Marchers say they are not leaving La Paz until the government calls off the TIPNIS project completely. In wake of the ongoing tensions within his support base, as well as the apparent reprimand delivered by voters on Sunday, Morales may have to give in.

News Briefs

  • The LA Times highlights some new theories regarding the “paramilitary” group, the “Mata Zetas,” active in Veracruz state and apparently dedicated to harassing criminal gang the Zetas, with brutal results. Since the gang emerged after the government deployed new military forces to Veracruz in June, there is conjecture that the group is operating with indirect military support, possibly prompted by the June kidnapping and killing of three marine cadets.
  • Student protests in Santiago, Chile, saw an estimated turnout of 25,000, thanks to support from teacher and trade unions, reports AFP. The BBC details that the demonstration started peacefully, then broke down after police moved in and students began throwing rocks, burning buses and erecting barricades. The AP quotes a student leader who says a fringe group is using the violent tactics, which is weakening the students’ position and strengthening the government’s argument that the protesters are a radical minority, impossible to negotiate with.
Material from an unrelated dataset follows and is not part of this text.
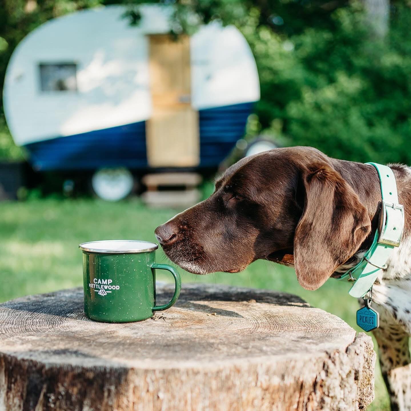 Photo from camp ground, mug with logo, and Pickles the dog.

  • IPS takes note of Argentina’s upcoming elections on Sunday, examining why the weakened opposition is expected to perform so pitifully against incumbent President Cristina Fernandez. As Reuters lays out, there are plenty of reasons why Fernandez’s economic policies, which emphasize social justice, are expected to result in an easy win. Wall Street Journal columnist Mary Anastasia O’Grady, meanwhile, argues that these “dysfunctional” politics are actually a loss for Argentina’s economy.
  • A health expert told the Associated Press that Haiti now has the highest rate of cholera in the world, a year after the disease was introduced to the island. The country is preparing to test a new cholera vaccine, amid declarations by medical officials that the epidemic is still going strong.
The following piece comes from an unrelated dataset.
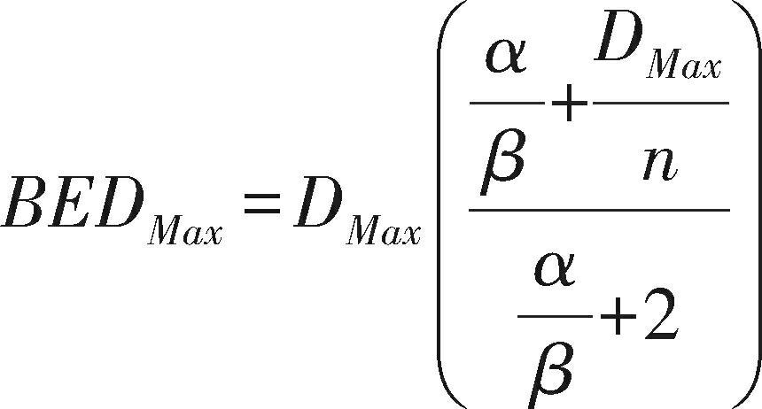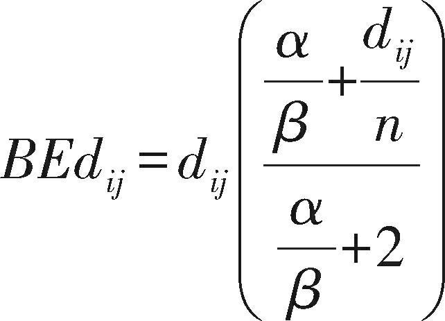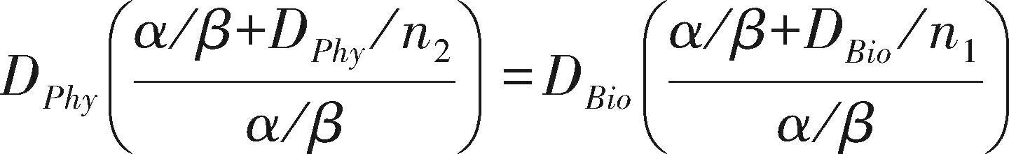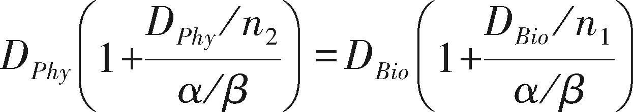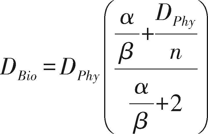 由于传统剂量分割模式中的分次剂量为2.0Gy/次,所以 D Bio / n 1 等于2,由此得到从物理剂量计算相应生物剂量的公式,如下

  • The Center for Strategic and International Studies published a report on the resurgence of Mexico’s PRI party and the implications for the 2012 presidential elections. The reports argues that evern since winning a Congressional majority in 2009, the PRI has managed to “prepare a path towards electoral victory” by pushing federal funds towards the areas and programs most needed to attract voters.
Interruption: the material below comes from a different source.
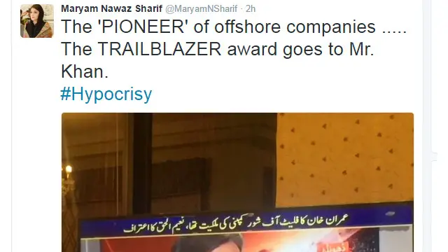 عمران خان کے بیان کے ردعمل میں حکمراں جماعت پاکستان مسلم لیگ ن کی رہنما مریم نواز نے عمران خان کو آف شور کمپنیوں کا ’بانی‘ قرار دیا ہے۔ جبکہ پاکستان میں سوشل میڈیا پر عمران خان کے اسی بیان سے متعلق موضوعات ٹوئٹر پر ٹرینڈ کر رہے ہیں۔

  • In WOLA’s most recent podcast, Senior Associate Adam Isacson speaks with Josiah Heyman, a professor at the University of Texas at El Paso, about U.S. border policy and the impact on El Paso communities. For another look at border issues, a brief documentary by SnagFilms examines a Mexican town where residents have created a theme-park event: a simulated border crossing where participants must enlist “coyotes” to their aid, and try avoid the actors playing the Border Patrol.
  • InSight Crime details the saga of a 50-year family feud in northeast Brazil, thought to behind 95 homicides so far this year in one of Brazil’s most violent states. The conflict draws attention to the insecurity and contraband trade so prevalent in rural Brazil, even as the government has tried to promote its efforts to reduce crime in urban centers.
  • The Dominican Republic will deport thousands of illegal migrants, many of them Haitian, under the terms of a new law, reports the AP. In counterpoint, the Miami Herald has a feature on how Dominican baseball players, attempting to migrate to play in the U.S., successfully forge their paperwork in order to win contracts with U.S. teams.